▶ What this task involves:
Pictures are to be excluded. Please print only the lines from the one containing "lower garments. |" through the end of the data, exactly as they appear.

▶ Record excerpts:
Start of Block

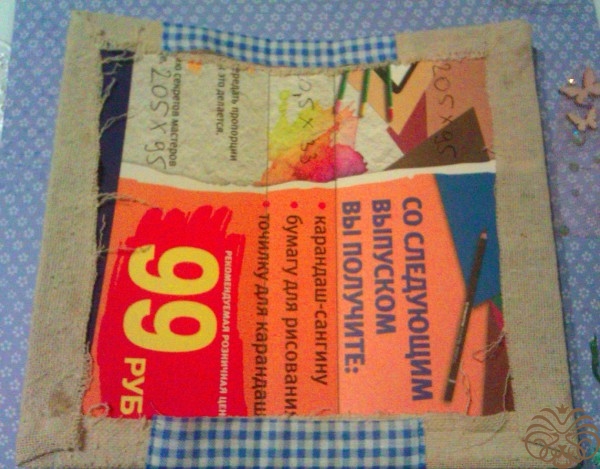 Тщательно промазываем донышко клеем, прижимаем к обложке. Ставим под пресс, сушим. Через часик подклеиваем суперклеем торчащие уголки, все готово. Настал самый интересный момент: декорирование обложки.
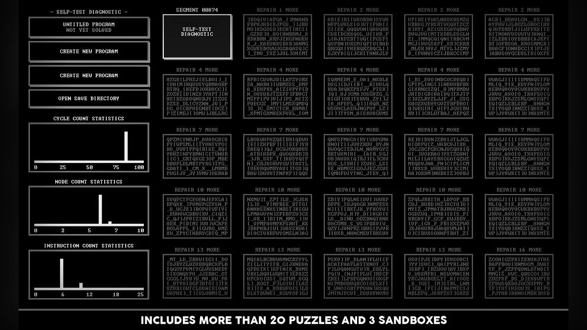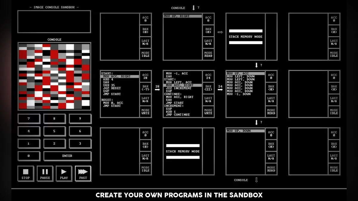 Геймплей TIS-100 построен на чистой логике и параллельных вычислениях. Вы получаете схему из нескольких узлов (nodes), каждый из которых представляет собой мини-процессор со своими ограничениями. Ваша миссия — заставить их работать вместе, чтобы преобразовать входящие данные в нужный вам результат. Это как собрать пазл, но пазл написан на языке, который понимают только самые отчаянные фанаты компьютерной архитектуры. Игра не просто бросает вас в омут с головой — она вежливо протягивает вам 27-страничное руководство пользователя (да, настоящее, как в старых добрых DOS-играх!), которое является вашим главным союзником. Здесь нет подсказок от NPC или волшебных решений; есть только вы, ваша смекалка и бесконечное желание оптимизировать свой код, чтобы занять место в таблице лидеров. Это идеальная игра для тех, кто любит сложные логические головоломки и хочет понять, как на самом деле "думают" компьютеры.
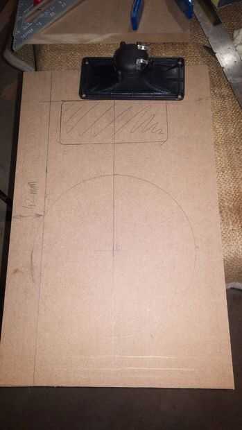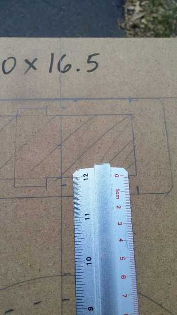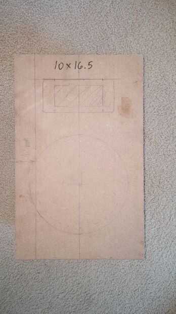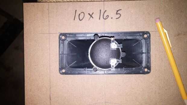 Uno de los tableros de 16,5 pulgadas x 10 pulgadas tendrán los recortes para los altavoces. Por simplicidad que he decidido tener los altavoces centrada de los lados y equidistantes de arriba a abajo.
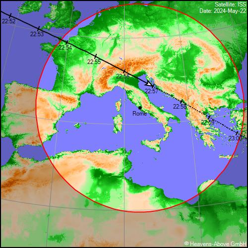 Alla sera del 25 Maggio, dalle 22:01 verso NO alle 22:08 verso ESE, un nuovo transito della Stazione Spaziale perfetto per tutta Italia, con una magnitudine massima a -3.7.
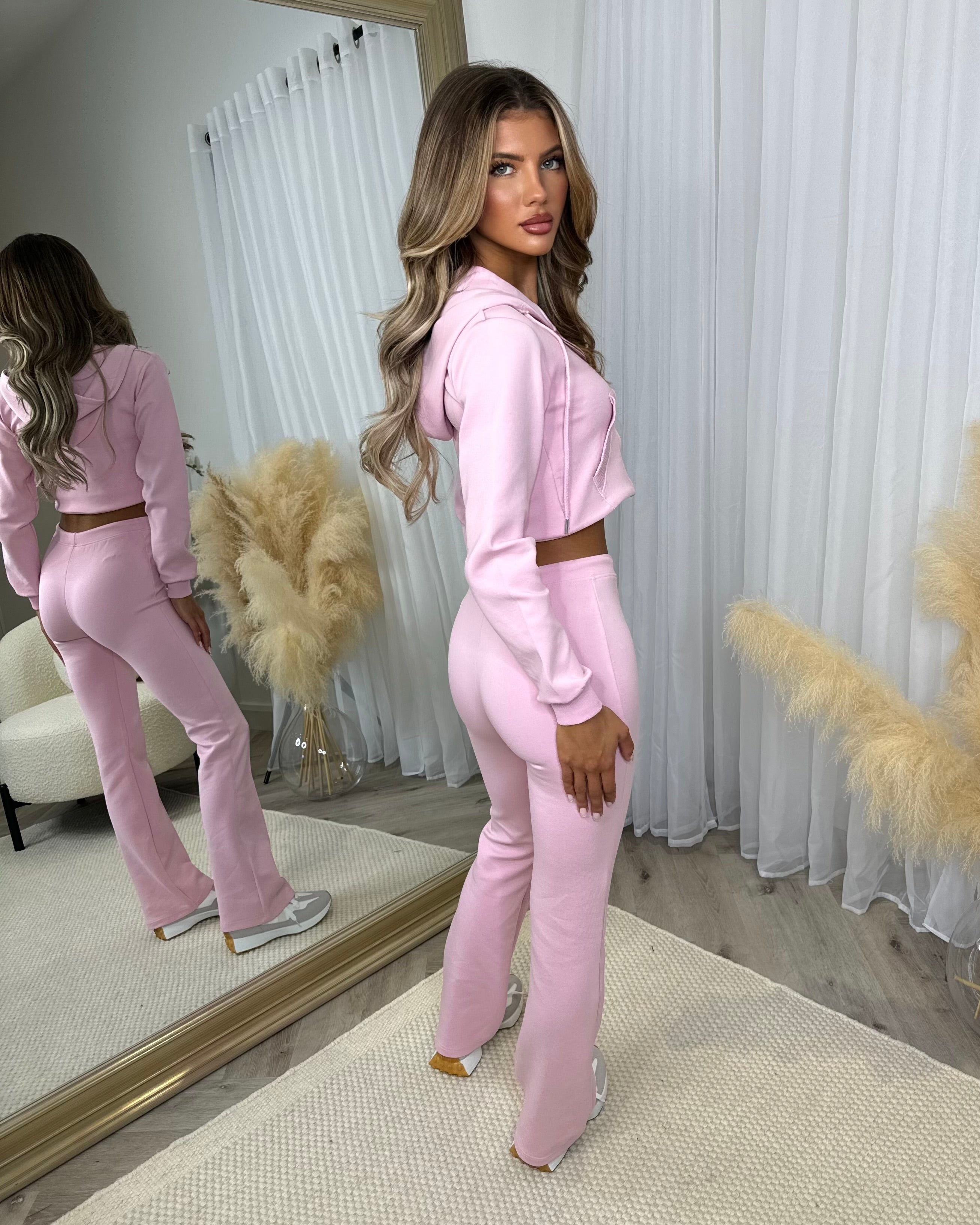 Tyla Fitted Cropped Jacket Wide Leg Tracksuit- Baby Pink
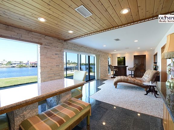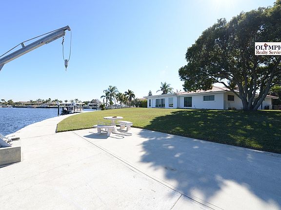 What a water view A prime, pie shaped lot, with almost 200 feet of seawall and two docks (one floating and another, new stationary with lifts). The house was already one of a kind, with beautiful granite tile floors (some rooms have carpet) and upgraded kitchen with solid oak cabinets and black granite countertops. The most recent upgrades include new tile roof, new deck with lifts, new windows and doors. Florida room has new large sliding doors with an excellent view of the harbor, looking to open water with some small islands consisting of protected mangroves, and yet around the corner from open gulf waters and no bridges to limit the size of your boat (you may even have sailboat if you wish). You need to visit this house to appreciate what it has to offer.
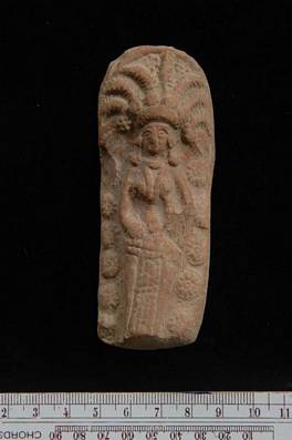 | Description / विवरण | Terracotta plaque showing a standing female figure. The headdress consists of seven sheaves fixed on its. Right hand placed on the waist while the left chopped off. She wears lower garments. |
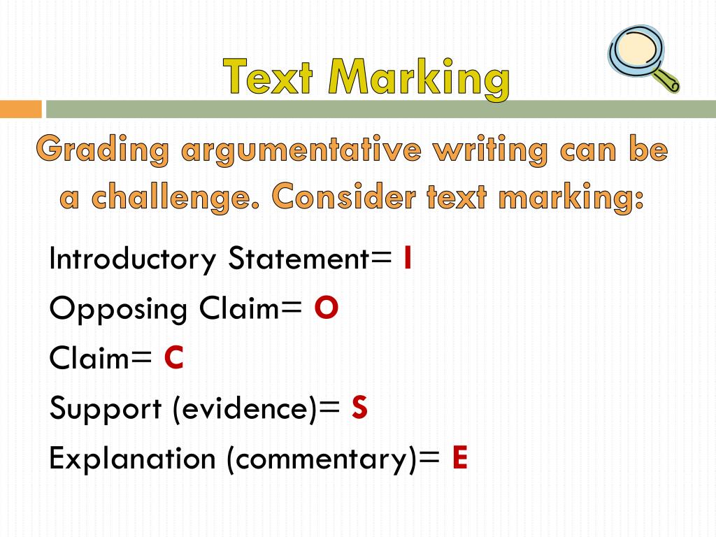 Text Marking • Grading argumentative writing can be a challenge. Consider text marking: • Introductory Statement= I • Opposing Claim=O • Claim=C • Support (evidence)=S • Explanation (commentary)= E

End of Block

▶ Answer below:
 | Description / विवरण | Terracotta plaque showing a standing female figure. The headdress consists of seven sheaves fixed on its. Right hand placed on the waist while the left chopped off. She wears lower garments. |
 Text Marking • Grading argumentative writing can be a challenge. Consider text marking: • Introductory Statement= I • Opposing Claim=O • Claim=C • Support (evidence)=S • Explanation (commentary)= E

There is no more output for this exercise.